While stranded in the cities, migrant workers and their families had to skip meals due to lack of money and faced hunger. For instance, the Gaon Connection survey found 36 per cent migrant worker respondents had to skip an entire day’s meal when stranded in the cities during the lockdown. Over 40 per cent reportedly had to skip one meal a day, as they did not have money to arrange for food.
Those who earned less than Rs 5,000 a month in the city were far more likely to have often gone hungry, found the national rural survey.
One of the reasons for so many migrants having skipped a meal or gone hungry while in the city is the irregular supply of ration or food from the government or the local administration in the city. Only around two in every five said that they received ration or cooked food from the administration either daily or sometimes. Nearly half reported never or very rarely having received food or food grains from authorities.
In spite of facing acute hardships, Gaon Connection survey found 33 per cent migrant workers wanted to return to the cities to work. Of the total migrant worker respondents of the survey, 67 per cent earned up to Rs 10,000 per month by working in the cities.

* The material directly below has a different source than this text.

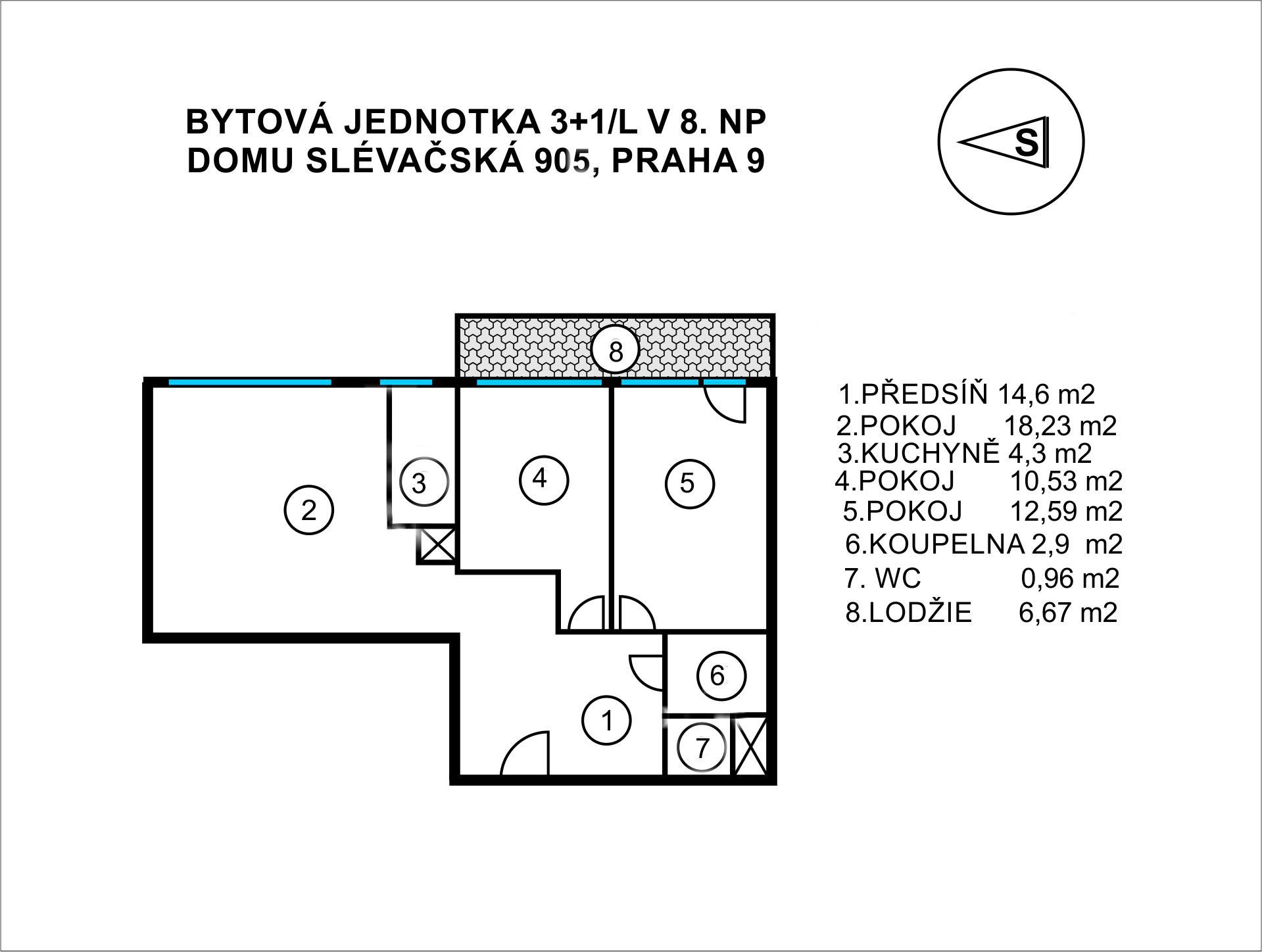 Prodej byt 3+1/L,66m2, Praha 9, Hloubětín

Interestingly, only about 25 per cent migrant workers said the attitude of the Narendra Modi-led NDA government towards the migrant workers during the lockdown was ‘bad’ or ‘very bad’. More than half the migrant workers said the Modi government cared both for the cities and villages.
According to Kumar, there is a need to strictly implement the existing Inter-State Migrant Workmen Act, 1979, which talks about basic travel allowance, housing, minimum wages, entitlements to these workers. “Most of these migrant workers are Adivasi and Dalit people, who are marginalised section of the society and are not organised as trade unions. There is a need is to register them under the state welfare social security scheme and give them powers like other local workers,” he added.